Investigators working with Special Counsel Robert Mueller have extended their search for information on former Trump campaign chair Paul Manafort beyond US borders.
Mueller’s team of investigators has sent subpoenas in recent weeks from a Washington grand jury to global banks for account information and records of transactions involving Manafort and some of his companies, as well as those of a long-time business partner, Rick Gates, according to people familiar with the matter.
It took two weeks for the news to emerge on the FBI raiding Manafort’s home in Virginia. But since then more information has emerged quickly. On Thursday, reports came out showing that Manafort’s son-in-law had been recruited as a cooperating witness as early as June.
Manafort’s finances are dense and twisted. He has a long history of working for dictators and oppressive regimes, and his previous actions have included supposedly “losing” $17 million in secret payments by pro-Russian forces and slipping $3 million into the US for unreported foreign lobbying. But the most interesting feature of the latest report is an indication that, as rich a source of charges as Manafort’s finances may be, they’re not the real focus of the investigation.
Those efforts were characterized as an apparent attempt to gain information that could be used to squeeze Manafort, or force him to be more helpful to prosecutors.
Which certainly makes it sound as if Manafort is under pressure, not because Mueller is out to get Trump’s campaign chair on charges of financial wrongdoing. The special counsel is far more interested in what Manafort knows about Trump.
While the special counsel investigation may have launched with Rod Rosenstein’s instructions to address the connections between the Trump campaign and Russia, those instructions made it clear Mueller could look into other matters that he encountered along the way.
As early as June, the special counsel moved to take over an existing investigation into Manafort.
The special counsel investigating possible ties between President Trump's campaign and Russia's government has taken over a separate criminal probe involving former Trump campaign chairman Paul Manafort, and may expand his inquiry to investigate the roles of Atty Gen. Jeff Sessions and Deputy Atty. Gen. Rod Rosenstein in the firing of FBI Director James B. Comey, the Associated Press has learned.
So compared to the rest of the investigation, the study of Manafort’s criminal actions had a head start. The interview and raid that took place in July likely grew from those early efforts, which included the move to recruit Manafort’s son-in-law, Jeffrey Yohai.
The two best tools that Mueller has at the moment are likely Paul Manafort and Michael Flynn. Which is a shame, because both have been involved in illegal foreign lobbying and acting against the US national interest to protect the goals of autocratic leaders. It would be terrible to see either of them get off the hook.
But not as terrible as leaving Trump in place. Though there are other ways this could go down.
Of course, the Manafort inquiry is just one thread of Mueller’s multifaceted effort, which includes the purchase of Trump real estate properties by wealthy Russians going back a decade, the foreign ties of Michael Flynn, who was briefly the administration’s National Security Adviser, and the dismissal of FBI chief James Comey by the President.
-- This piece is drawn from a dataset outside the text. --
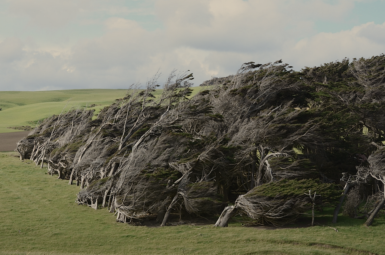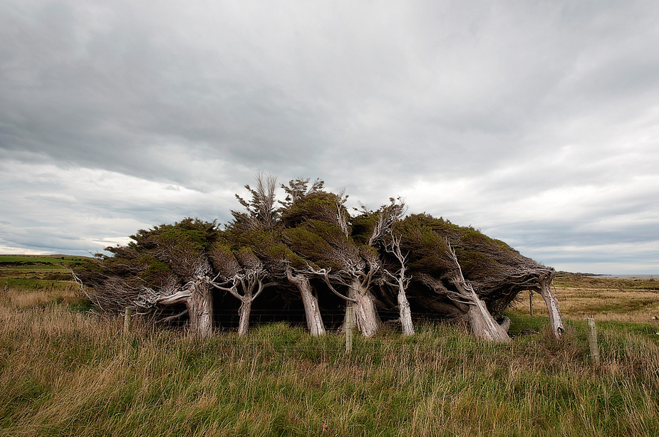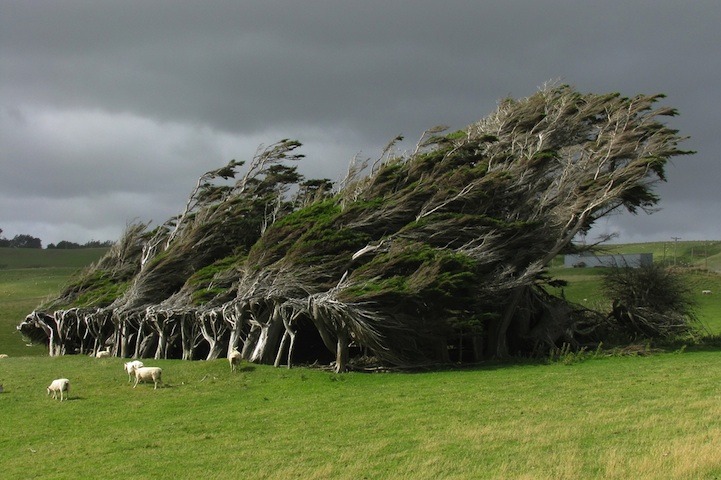 slope point, the southernmost tip on new zealand’s south island, is hit with such persistently violent northern antarctic winds that trees grow in the windward direction. (click pic or link for credit x, x, x, x, x, x)

And while Manafort says he’s not working with investigators.
Manafort’s spokesman, Jason Maloni, declared last month that Manafort was not a "cooperating witness" -- a legal term for someone who agrees to provide evidence and testimony to prosecutors.
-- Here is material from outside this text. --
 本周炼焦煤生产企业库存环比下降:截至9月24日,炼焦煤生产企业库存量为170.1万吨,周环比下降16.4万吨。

There are different definitions of “cooperating.”
In fact, Manafort had alerted authorities to a controversial meeting on June 9, 2016, involving Trump’s son Donald Jr., other campaign representatives and a Russian lawyer promising damaging information on Hillary Clinton, according to people familiar with the matter. The president and his son-in-law, Jared Kushner, were dragged into the matter as details repeatedly emerged that contradicted the initial accounts of that meeting.
It had seemed earlier that it was Kushner’s attorneys who had first rung the bell on the Trump Tower meeting. If it was Manafort, was that the sound of a witness getting cooperative?